Innovation, Science and Economic Development Canada (ISED) recently released its Voluntary Code of Conduct on the Responsible Development and Management of Advanced Generative AI Systems (Voluntary Code) on September 27, 2023. This article explains the main features of the Voluntary Code.
Given the urgency that is needed to deal with advanced AI systems that are capable of generating content (for example, ChatGPT, DALL·E 2, and Midjourney), ISED released the Voluntary Code. It is important to keep in mind that, while there is an awesome potential with this technology to create benefits for humanity, there is also clear risk that must be addressed. For instance, the Voluntary Code notes that there could be risks to health and safety, amplified bias, and other risks that have broader societal impacts, especially when used by malicious actors. Some troubling risks involve generation of realistic images and video, impersonation of the voices of real people, and deception that is at a scale that can damage important institutions, including democratic, and criminal justice systems.

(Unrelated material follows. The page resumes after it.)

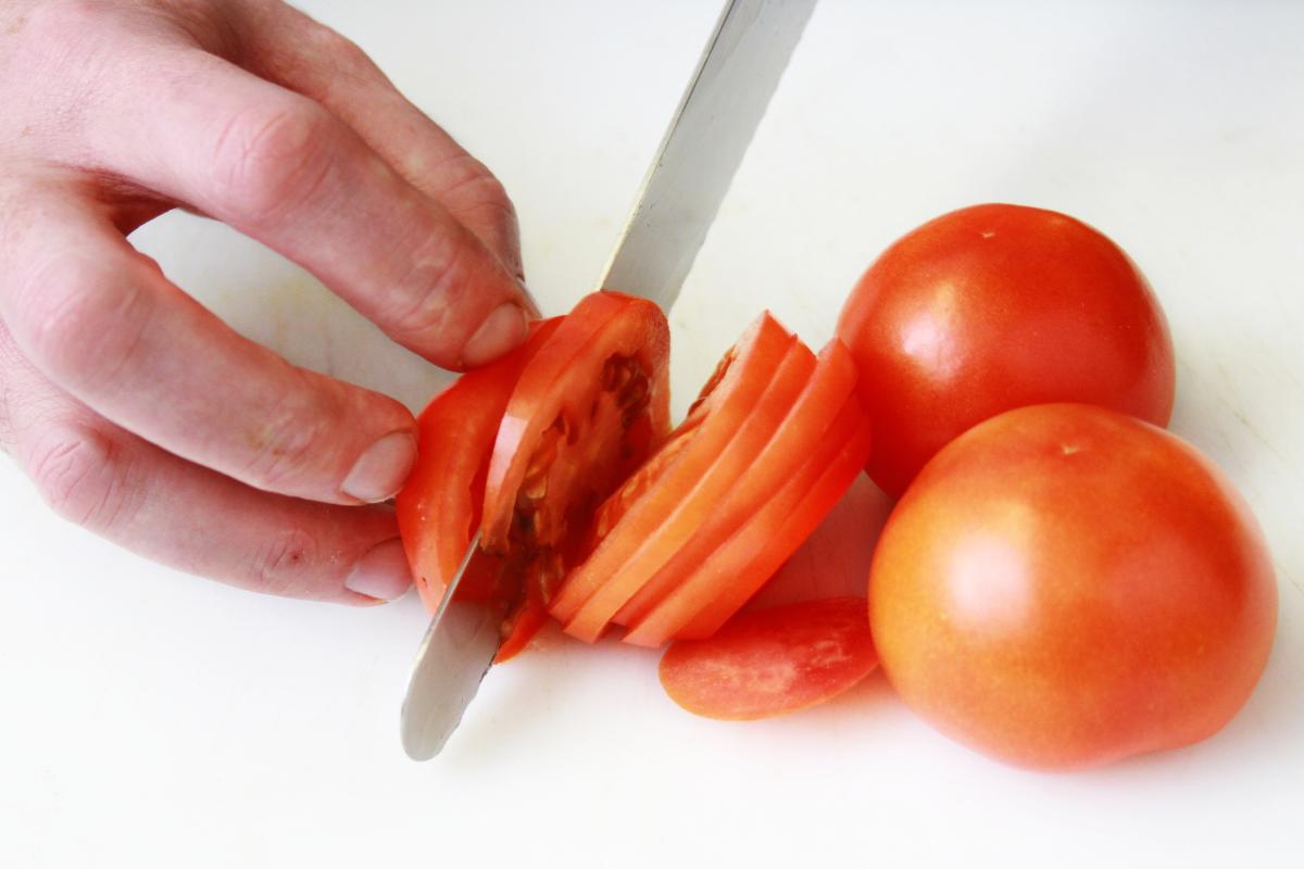 - Algunas veces los tomates pueden estar algo insípidos, así que lo que se puede hacer es cortarlos en rodajas, agregarles un poco de sal y darles unos minutos para que la sal se integre al tomate.

There is no question that we must address and mitigate these risks and consider the particular contexts in which these technologies are to be operating. To that end, some organizations have become signatories to the Voluntary Code. The plan is to have organizations sign on to the Voluntary Code in advance any binding regulation such as the Artificial Intelligence and Data Act (AIDA) found in Bill C-27. I wrote about proposed provisions in AIDA that are in Bill C-27 here. Currently, the progress of the bill has been slow—it is in the Standing Committee on Industry and Technology; to date, there have been two Committee meetings.
Furthermore, it is important to note the following statement that is in the Voluntary Code:
“While the framework outlined here is specific to advanced generative AI systems, many of the measures are broadly applicable to a range of high-impact AI systems and can be readily adapted by firms working across Canada’s AI ecosystem.”
Additionally, the Voluntary Code does not aim to change the obligations that organizations have under the Personal Information Protection and Electronic Documents Act (PIPEDA).
Simply put, by committing to the Voluntary Code, developers and managers of advanced generative systems commit to working to achieve the following outcomes:
- Accountability: Firms understand their role with regard to the systems they develop or manage, put in place appropriate risk management systems, and share information with other firms as needed to avoid gaps.
- Safety: Systems are subject to risk assessments, and mitigations needed to ensure safe operation are put in place prior to deployment.
- Fairness and Equity: Potential impacts with regard to fairness and equity are assessed and addressed at different phases of development and deployment of the systems.
- Transparency: Sufficient information is published to allow consumers to make informed decisions and for experts to evaluate whether risks have been adequately addressed.
- Human Oversight and Monitoring: System use is monitored after deployment, and updates are implemented as needed to address any risks that materialize.
- Validity and Robustness: Systems operate as intended, are secure against cyber attacks, and their behaviour in response to the range of tasks or situations to which they are likely to be exposed is understood.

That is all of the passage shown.